GOAL OF THE EXERCISE:
Only one stretch of the data should be retyped: the lines from the line containing "Mom, myself, my" through the line containing "OPAL/ BLACK (QUAD10) & OPAL/SILVER (QUAD13)". Keep pictures out of it.
DATA FOR ANALYSIS START
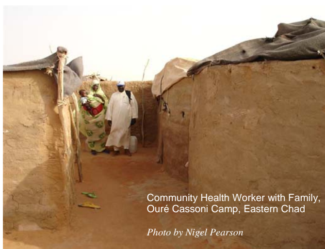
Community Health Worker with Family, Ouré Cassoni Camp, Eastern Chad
DATA FOR ANALYSIS END
DATA FOR ANALYSIS START
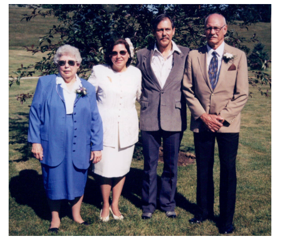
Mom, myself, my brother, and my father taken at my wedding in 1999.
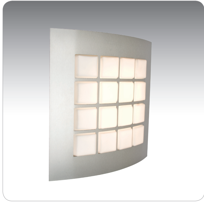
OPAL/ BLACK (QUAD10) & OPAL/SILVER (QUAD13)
DATA FOR ANALYSIS END
RESPONSE BOX:
Mom, myself, my brother, and my father taken at my wedding in 1999.
OPAL/ BLACK (QUAD10) & OPAL/SILVER (QUAD13)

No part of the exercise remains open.